In fact, Silicon Labs has implemented an ultra-low-power architecture with these UV index sensors, enabling thinner wearable designs with smaller batteries, and extending battery life with as little as 1.2 µA average current for once-per-second UV measurements. Standby power is quoted at less than 500 nA.

For designers of multifunction wearable devices that include UV exposure monitoring, the Si1146 and Si1147 include two and three IR LED drivers respectively, and are designed for advanced motion and gesture sensing. The Si1146 enables motion sensing and touchless control in the z and x axes, while the Si1147 enables 3D motion sensing.

A key advantage of the Silicon Labs solutions for wearable devices is the high level of integration into a small 2 x 2 mm package, reducing the design footprint and the bill of materials.

Designers keen to try out this device have a couple of options. The UVlrSlider2EK evaluation kit supports both the Si1132 and the Si114x families. The software contains a demonstration of the 11 point UV index and a five LED display shows a user’s accumulated sun exposure. The kit also demonstrates the gesture recognition capabilities and proximity sensing features of the devices.

A programmer’s toolkit is freely available, which includes an API to enable rapid development of software using a C compiler in a PC environment in conjunction with the evaluation board. A waveform viewer application is also included to display and debug the measurements taken from the evaluation board.

Conclusion

Monitoring UV exposure is set to become a standard feature on a wide range of wearable devices, including smart watches and glasses, and health and fitness monitors. Low cost and light weight, single-function UV Index monitors, in the form of bracelets, rings or lapel buttons, are likely to increase in popularity as awareness increases and concerns grow about the cancer risk of over exposure to the sun’s rays.

As a result, designers will be seeking low cost, low power, small size (even flexible) UV sensors and photodiodes, plus ancillary circuitry, to incorporate into the next generation of wearable devices. Highly integrated ICs, such as the components illustrated in this article, will be in demand and proliferate.

Additional Information

Organic option

A potential alternative to silicon photodetectors is the organic photodiode. Already being used to improve light sensitivity in cameras and for checking color homogeneity, stability and brightness distribution in displays, organic photodiodes are powerful, lightweight, cheap to produce and can be flexible. They can be integrated onto polymer foils, for example, for wearable applications.

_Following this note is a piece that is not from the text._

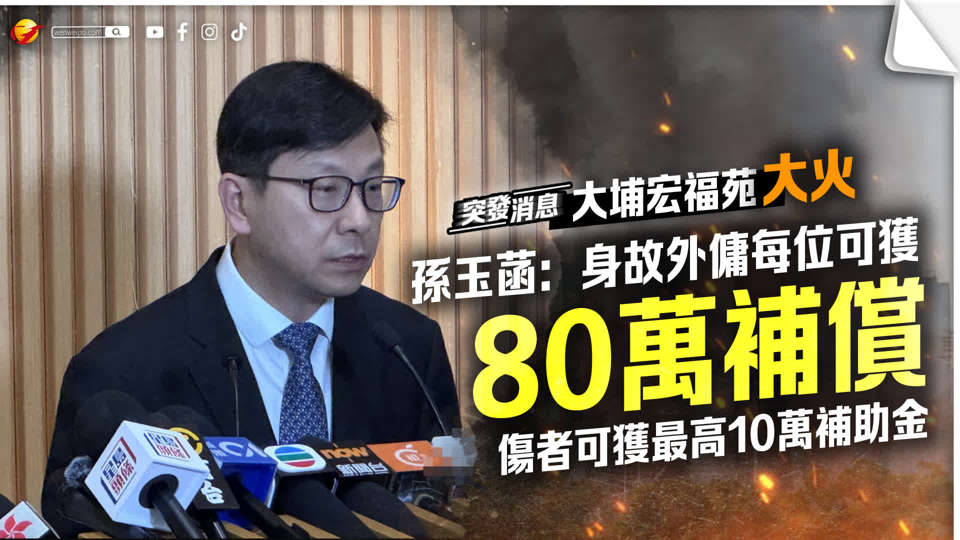 孫玉菡指出,在宏福苑大火中不幸身故的外傭,將獲得法定補償,初步估計金額超過50萬港元。此外,政府將提供一筆20萬港元的一次性恩恤金,以及5萬港元的補助金。總計,每位身故外傭的補償總額估計約為80萬港元。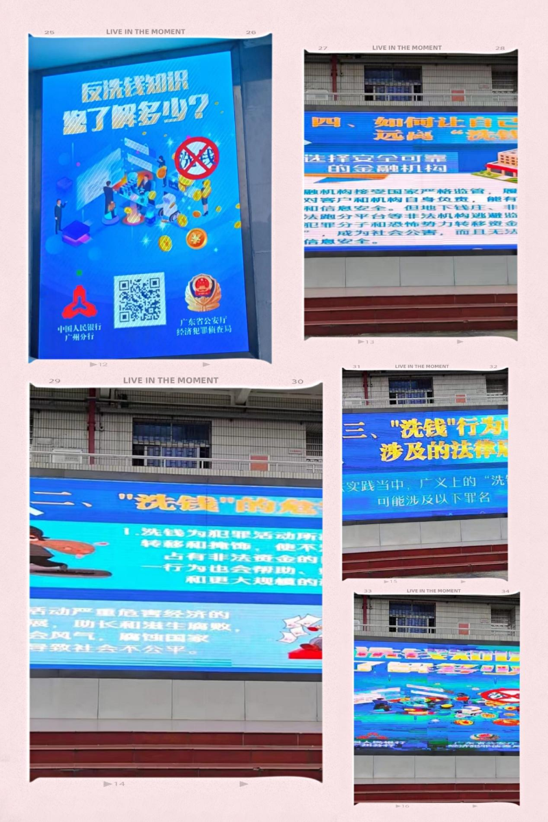 为配合开展第13个全国公安机关“5.15”打击和防范经济犯罪宣传日专题系列宣传活动,广州港集团财务有限公司积极履行反洗钱义务机构工作职责,充分发挥反洗钱宣传在维护金融安全、治理金融乱象、防范金融风险、保护老百姓“钱袋子”等方面的重要作用,与广州港技校合作开展“反洗钱知识进校园”宣传活动。活动现场,反洗钱宣传画册在学校电子公告栏、学校操场电子显示屏同时滚动播放,向广大师生普及反洗钱知识,使大家进一步了解“什么是洗钱”、“洗钱”的危害、“洗钱”行为可能涉及的法律后果及“如何让自己远离‘洗钱’风险”等知识。

Figure 2: Organic photodiodes are lightweight, cheap to produce and can be integrated onto flexible substrates. (Courtesy of Fraunhofer COMEDD)

Organic materials tend to be sensitive to a particular wavelength range, making each suitable for specific applications. Scientists at the Fraunhofer Research Institution for Organics, Materials and Electronic Devices (COMEDD)¹ in Dresden, Germany, have trialed a range of materials covering a broad wavelength spectrum. For use in the UV or near-infrared range, the team is further developing tiny micro-sensors that combine organic semiconductors with silicon technology. The ability to use 200 mm silicon wafer substrates or foils on carrier wafers will facilitate the transfer of this technology to the broader scope of industrial and even consumer applications.